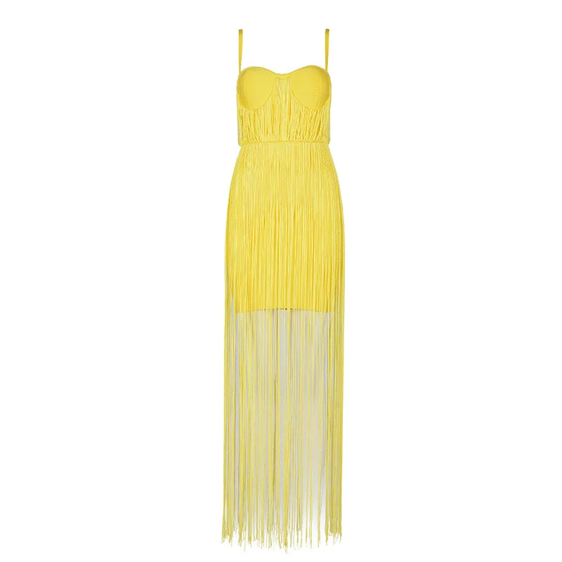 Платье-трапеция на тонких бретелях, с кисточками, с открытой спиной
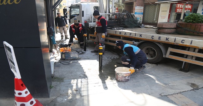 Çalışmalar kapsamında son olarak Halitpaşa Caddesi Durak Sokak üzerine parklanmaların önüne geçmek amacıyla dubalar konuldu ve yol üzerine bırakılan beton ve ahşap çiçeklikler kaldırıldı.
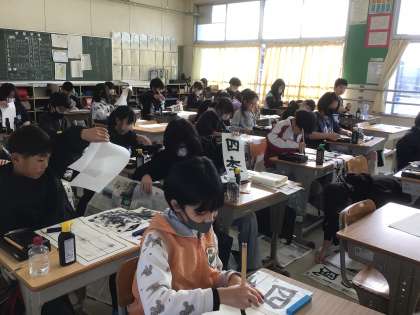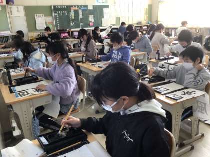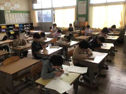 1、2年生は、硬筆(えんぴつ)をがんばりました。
━━━━━━━━━━
The answer must be the whole listing, word for word, with no pictures in it. Please write it out.

# REPLY TO THE TASK
 Платье-трапеция на тонких бретелях, с кисточками, с открытой спиной
 Çalışmalar kapsamında son olarak Halitpaşa Caddesi Durak Sokak üzerine parklanmaların önüne geçmek amacıyla dubalar konuldu ve yol üzerine bırakılan beton ve ahşap çiçeklikler kaldırıldı.
 1、2年生は、硬筆(えんぴつ)をがんばりました。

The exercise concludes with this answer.